In view of these problems, an elaborately designed ion source and API in ESI-MS that simultaneously attends to both the transmission and the anti-contamination is of vital importance. Since numerical methods have become a standard procedure in the R&D of MS instruments,^6,7 the accurate numerical modelling of ions in the API of ESI-MS can be very important but rather challenging, which is distinct by its intricate multi-physical nature.⁸ In current studies, the Lagrange model that treats the particles (droplets or ions) as a discrete phase in the fluid is often adopted.^9–13 Specifically, the choice of fluid-particle interaction model in these studies is decided by the particle Knudsen number (Kn), which is defined as the ratio of the mean free path and the particle diameter.¹⁰ For example, for droplets in dense air, the Stokes drag force model is adopted.^9,10 For the ions in a vacuum, only the ion optics model that involves the ion-neutral collision can be applied.¹³ In these studies, without an ion formation mechanism, the droplets and ions cannot be studied synchronously.
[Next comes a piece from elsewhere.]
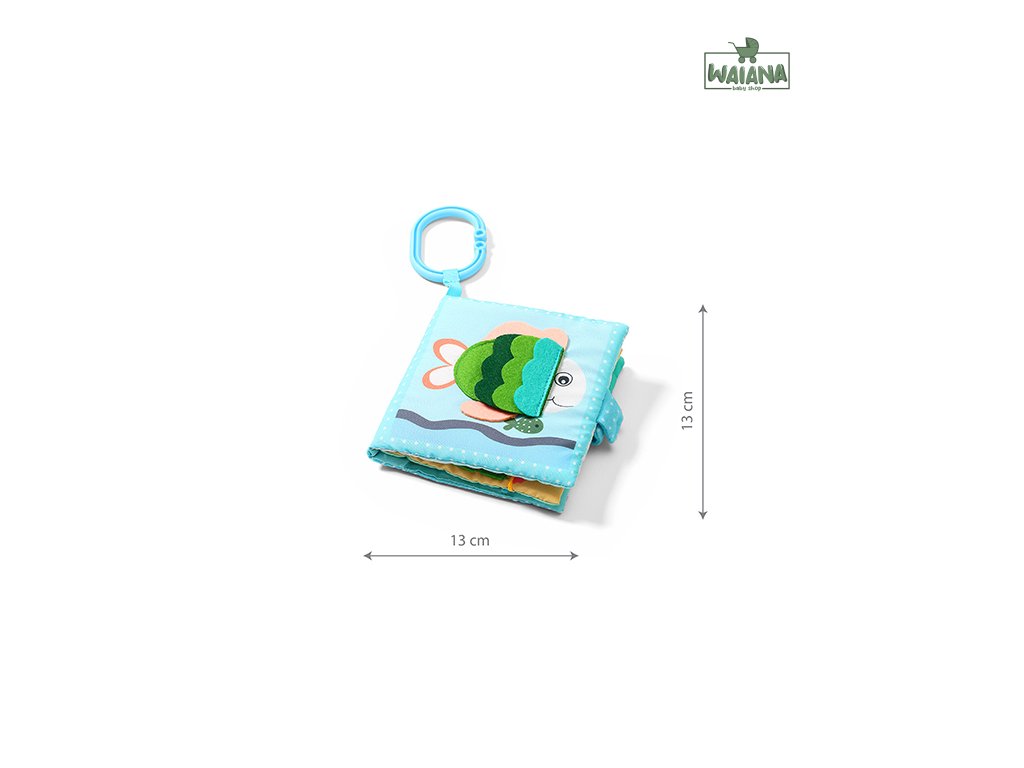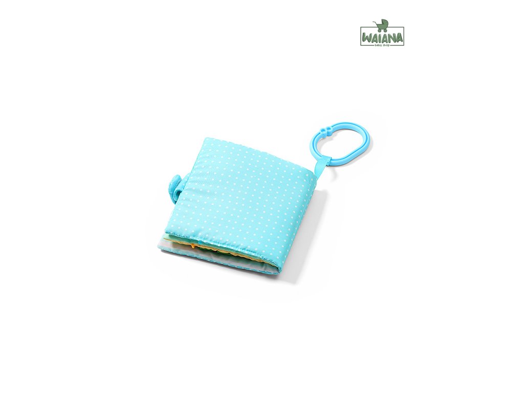 Knižka Babyono je dodávaná s praktickým úchytom na jednoduché pripevnenie na postieľku, kočík, autosedačku a pod.

In addition, the droplets or ions are simply treated as particles with constant mass and charge that are released at some arbitrarily given coordinates, which clearly deviates from the very basic principle of ESI.

For the purpose of modelling the ionization mechanism of ESI comprehensively, a multi-physical coupling strategy that combines the gas dynamics and electrodynamics is taken in our simulation based on the ANSY Fluent (ver. 2022 R1, Cecil Township, PA) and COMSOL Multiphysics (ver.6.0, COMSOL AB, Stockholm, Sweden). Actually, when an ESI ion source is running in cone-jet mode¹⁴ (the mode of greatest interest due to its application), uniformly sized droplets that can be estimated using the scaling law¹⁵ will be released.¹⁴ With the knowledge of evaporation and the coulombic fission principle (the ion evaporation mechanism for small molecules is applied in our work),¹⁶ it is feasible for us to model the entire ion formation procedure numerically with some critical simplifications. The computation was conducted on a basic desktop computer (CPU: AMD Ryzen9 5950X, 3.4 GHz, RAM: 32 GB) and the whole process took about 96 h. The geometrical model used in our simulation is shown in Fig. 1(a), which is established according to our experimental setup. The model is composed of three parts: spray area (pressure at 760 torr), transfer capillary (length: 60.27 mm, heated to 573 K), and vacuum chamber (pressure at 2 torr). In the spray area, a simplified model of the H-ESI ion source (Thermo Fisher Scientific, Waltham, MA, USA) is established. There are three gas (N₂) inlets in the ion source: sheath gas, auxiliary gas, and curtain gas. The initially charged droplets are released near the ESI tip in the spray area. After rapid evaporation and coulombic fissions, a massive amount of progeny droplets and gaseous ions are formed in the spray area and transfer capillary. Traveling through the capillary, the ions and droplets enter the vacuum chamber, where the ions of specified mass-to-charge ratio can be captured by an S-LENS type RF ion guide.¹⁷

Fig. 1 (a) The geometrical model used in the simulation. (b) The schematic of the simulation.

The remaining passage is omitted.